Database Structure

In this chapter it is covered everything that is accesible for the customer in the subscriber database. We’ve organized it into layers that build on each other. At the bottom you have raw replicated data, and as you to the next layer the data becomes more business-friendly and ready for actual use. This works well because some users need detailed raw data while others just want pre-built reports.

Source Tables

These are copies of production tables that we’ve decided are worth replicating. We don’t copy everything - only tables that customers actually need for analysis. The selection process considers what’s business-critical, what customers ask for, and obviously what we’re allowed to share from a security standpoint. We maintain these as proper replicas, not just snapshots. All the foreign key relationships are preserved, so you can still do complex joins across multiple tables. The sync process is pretty smart - it only updates records that have actually changed, which keeps the overhead reasonable. We use the change tracking system to figure out what needs updating and then we update records at subscriber in desired frequency. Source Tables are the foundation for everything else in subscriber. If you need granular data for custom analysis or data science work, this is where you start. They give you direct access to the detailed records without having to go through any pre-built views that might not fit your use case.

Standard Views

This is where we try to make life easier for business users. Standard Views take the raw source data and package it into something that actually makes business sense. Instead of having to figure out complex joins and remember cryptic column names, users get views with descriptive names and pre-calculated fields. We built these based on the most common requests we get. Rather than having every customer write the same complex SQL to get basic metrics, we’ve done the work once and made it available to everyone. It’s faster for users and ensures consistency in whatever metrics matter. All views only reference Source Tables - never production directly.

Customer Specific Objects

Sometimes the standard stuff isn’t enough. Enterprise customers often have unique requirements - maybe they need to combine our data with their own, or they have industry-specific calculations that don’t make sense for everyone else. That’s what this layer handles. Each customer can have custom specialized views that do exactly what they need, or pre-computed tables for complex calculations that would be too slow to run on demand.
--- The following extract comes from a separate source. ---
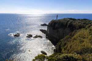 足摺岬灯台周辺には様々な特産品が味わえることも魅力の1つ 足摺岬の断崖に反りたつ白亜の灯台は高さ18m、光度200万カンデラ、光達距離38kmと日本で
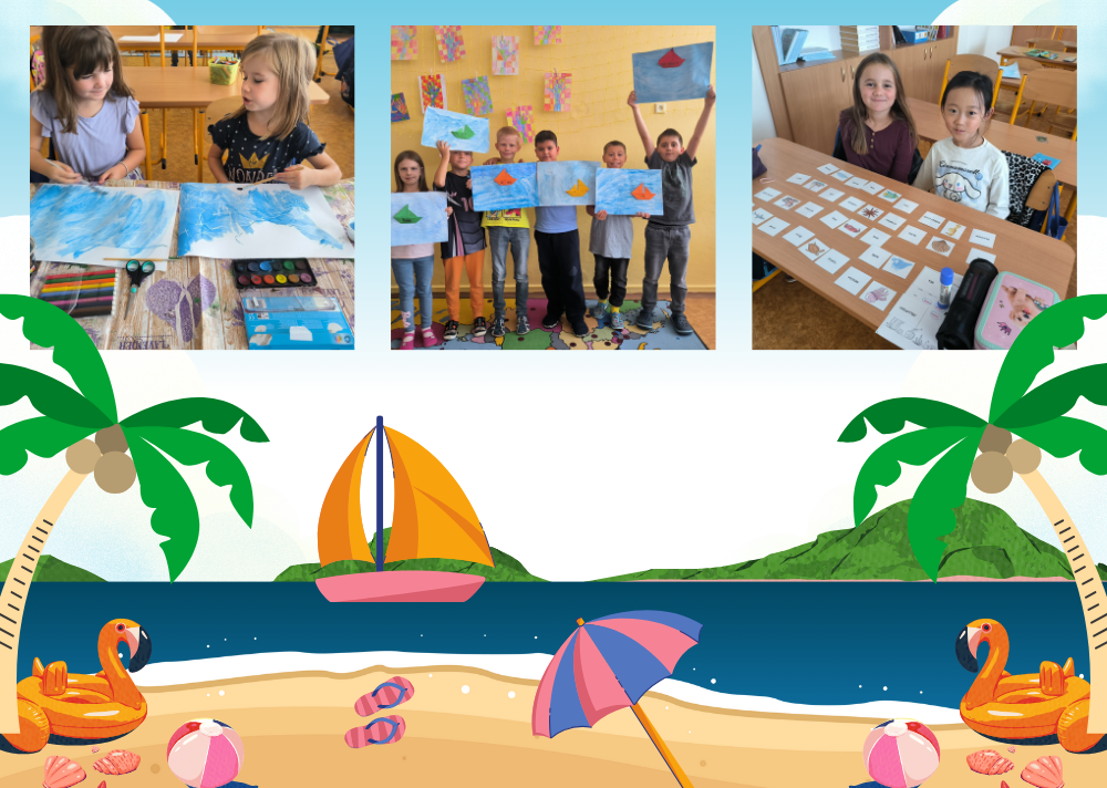 V hodině Svět práce jsme se s dětmi přenesli zpět do léta a společně si vytvořili malou vzpomínku na čas u moře. Celá hodina byla vedena metodou CLIL, takže děti nejen tvořily, ale také procvičovaly angličtinu.

We handle these through a formal process - customers submit requirements, we assess the impact and effort, and then we agree on timelines and maintenance terms.

Covered information

  • Object Definitions - Business descriptions so you understand what tables actually means and how it should be used.
  • Complete technical spcification for every table and view - dates, identity information, column names and their id, data types, nullability, collation, identity, computation or constraints.
  • Entity Relationship Diagrams - Show how tables connect to each other through foreign keys, they’re essential for understanding the database structure.
  • Data Lineage Diagrams - Trace data from source tables to standard views that customers use, they show not just where data comes from, but what transformations happen along the way.
  • Relationship tables - Visually understanable tables with all of the relations relevant for specific object with the possibility to move to another object and explore it in a more detail.
  • View Specifications - Full SQL code for all of the views, that is designed to be both executable and readable so you could study it to understand how the view works and what type of data it provides.